Aeroflot's written statement points to positive comments Tschohl made about the airline in 2016 on the website of a Russian-language magazine. On the website, Tschohl said he was pleasantly surprised by his Aeroflot flight and amazed how much the level of service had grown.

Tschohl says he has encountered many problems since then when flying on Aeroflot.

"Aeroflot, at times, was very good," he says. "In the air, they are fine. The problem is on the ground. There is no airline where great service in the plane and lousy service on the ground works."

Tschohl says he has complained to Aeroflot CEO Vitaly Saveliev and not gotten a response. Delta Air Lines, which has an alliance with Aeroflot and 18 other airlines in a SkyTeam marketing alliance, has "a bad SkyTeam partner," he says. "It is time for Delta to get a new partner."

Many Russia-bound travelers fly on Delta to a big U.S. airline hub where they connect to a Moscow-bound flight on Aeroflot, the only carrier providing nonstop U.S.-Moscow service. Round-trip tickets on Aeroflot are much cheaper than those of other airlines providing one-stop service to Moscow — the reason, Tschohl says, his clients ask him to fly on the Russian carrier.

On Oct. 9, the cost of a round-trip New York-Moscow coach ticket — for an Oct. 26 departure and a Nov. 2 return  was $568 on Aeroflot and $2,255 on Delta.
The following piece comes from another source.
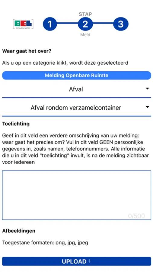 U kunt foto´s en een beschrijving toevoegen aan uw melding.
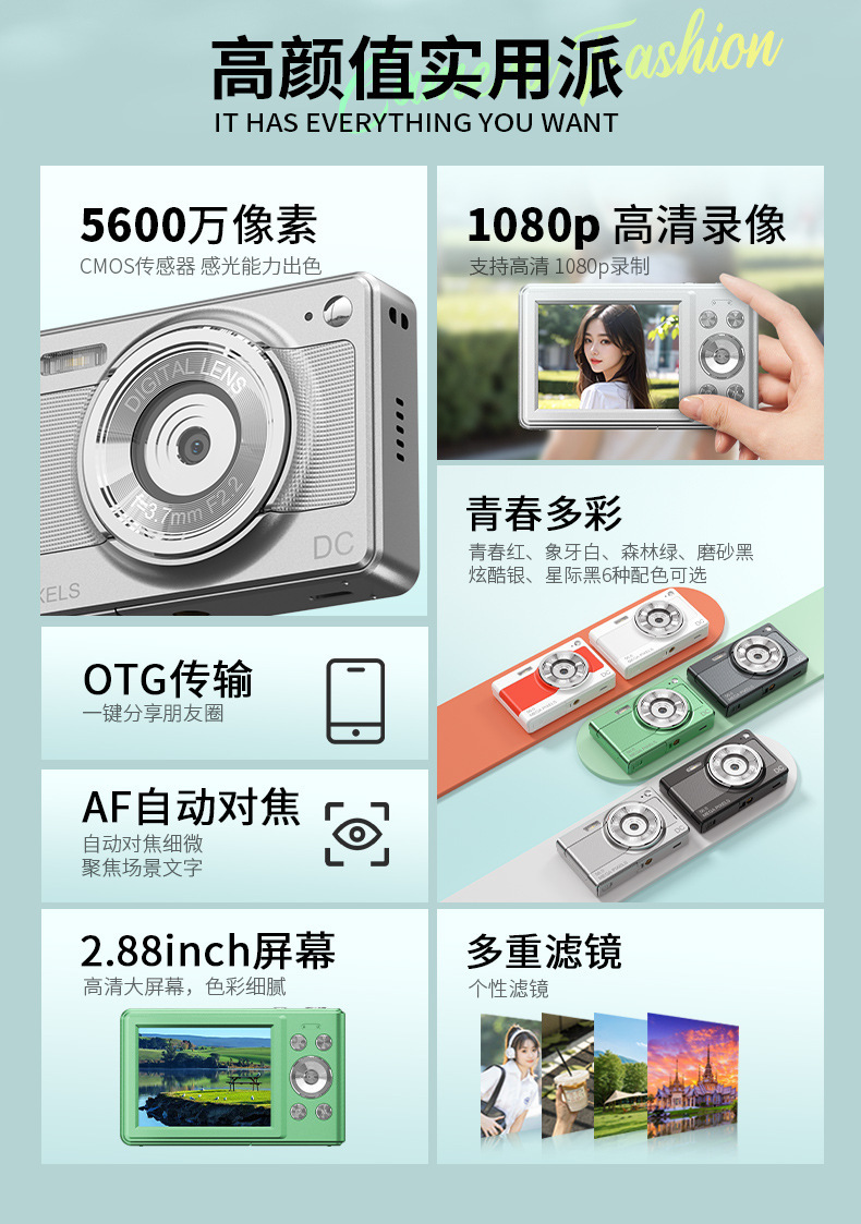학생 ccd 카드 디지털 카메라 AF 자동 초점 2.8 인치 초 고화질 디스플레이 56 백만 픽셀

Delta's ticket required a connecting flight in Amsterdam, the Netherlands. 

Tschohl's service concerns and his comment about Delta needing a different marketing partner than Aeroflot were brought to the attention of Delta spokesperson Debbie Egerton. 

"While Delta no longer offers nonstop service between the United States and Russia, our customers are still able to fly between the United States and Russia connecting on Delta via our SkyTeam partners Aeroflot, Air France and KLM," she says. "Delta is committed to delivering strong customer service across its alliance network, in part by creating a more seamless customer experience with our global partners."

Delta "has invested in several tools to improve its baggage handling to its current industry leading position, and we continue to work with alliance partners on solutions to ensure consistent baggage transfers," Egerton says. "Additionally, as warranted, Delta can work to provide customer-specific resolutions where unique issues frequently occur."

SkyTeam members must meet more than 120 requirements, she says, and the 20 airlines in the partnership are "regularly audited to ensure compliance and delivery of strong customer service."

For decades, until at least the 1990s, Aeroflot had a reputation for poor customer service and unsafe aircraft. Operating Russian-built jets, including many that were old, the airline had one of the worst fatal accident records in the industry, according to data compiled by this journalist for Condé Nast Traveler magazine.

In 1990, Aeroflot bought its first Western airliners, purchasing five A310s from Airbus. Then, the airline began buying many more Airbus and Boeing jets, the aircraft it now flies between the USA and Russia.

Aeroflot's website today proclaims that the airline's fleet of about 250 planes "is one of the youngest in the world" and "the youngest of any airline worldwide that operates more than 100 aircraft." The majority of the fleet consists of Airbus A320, Airbus A330 and Sukhoi SuperJet 100 aircraft, and the fleet, which flies to 146 destinations in 52 countries, carried 32.8 million passengers last year, Aeroflot says.